Experimental Design:

Young adults aged 19-35 who were free from cardiovascular disease were randomly assigned and masked to the order of three conditions. The three conditions included a) placebo capsules and placebo drink, b) salt capsules and placebo drink, and c) salt capsules and ketone drink. Taste perception and gastrointestinal surveys were taken after each condition. Taste perception was rated from 1-5 (great to terrible). Gastrointestinal distress was rated as 0-3 (none to severe).
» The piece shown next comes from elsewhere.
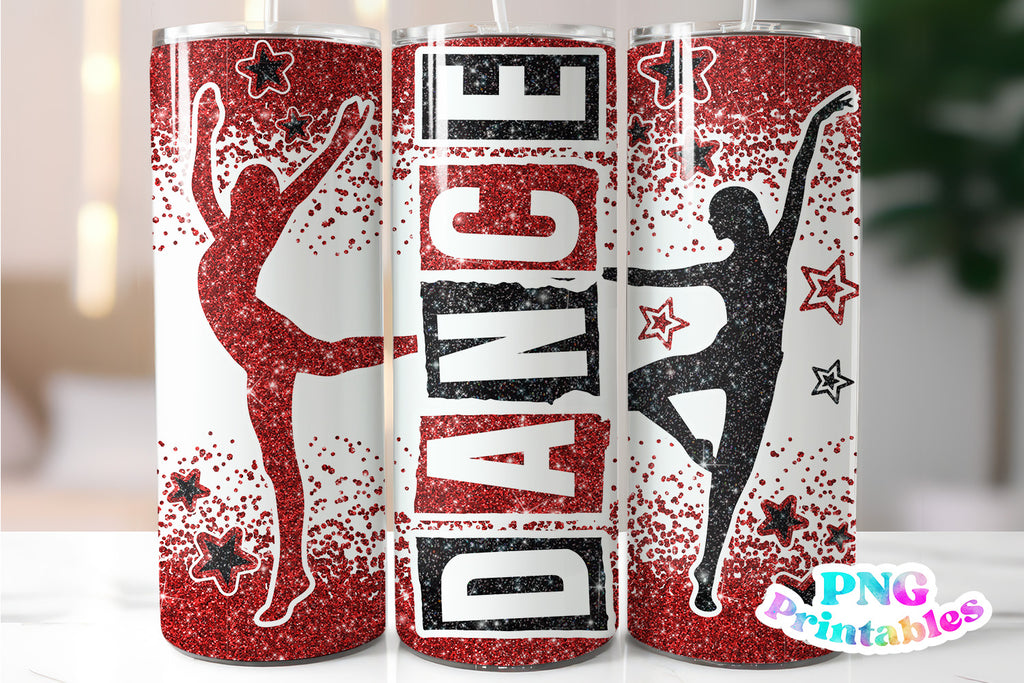 Dance Glitter 20 oz Skinny Tumbler Red and Black | PNG Sublimation File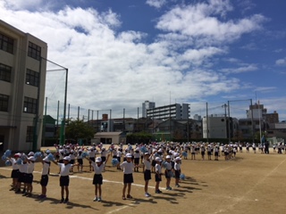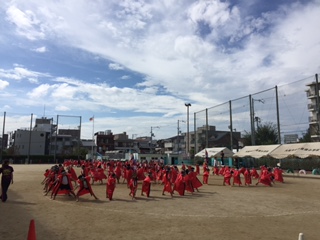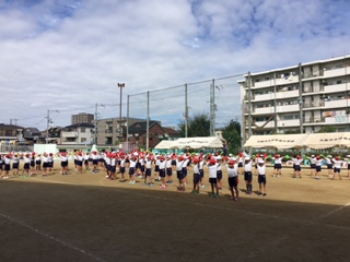 9月28日(水)運動会まであと4日になりました。昨夜は激しい雨が降りましたが、朝から教職員で運動場の水たまりに土を入れて整地をしたので、1時間目から全体練習ができました。

Participants were also asked to guess the condition they were in for each arm of the study.

Results:

After survey collection and data analysis, there were no differences across the three conditions regarding taste perceptions (ps ≥ 0.134) or gastrointestinal distress (ps ≥ 0.224), and there was minimal gastrointestinal distress (average scores of 0 to 1 for nausea, vomiting, bloating, cramping, etc). We found that participants were able to guess the capsule condition correctly 45% of the time and were able to guess the drink condition correctly 39% of the time across the study.

Conclusion and Potential Impact:

The data from this study is important because it tells us that the participants couldn’t correctly guess the arm of the study that they were in. This means that participants were properly masked to the three conditions and that bias will be minimized in our clinical trial.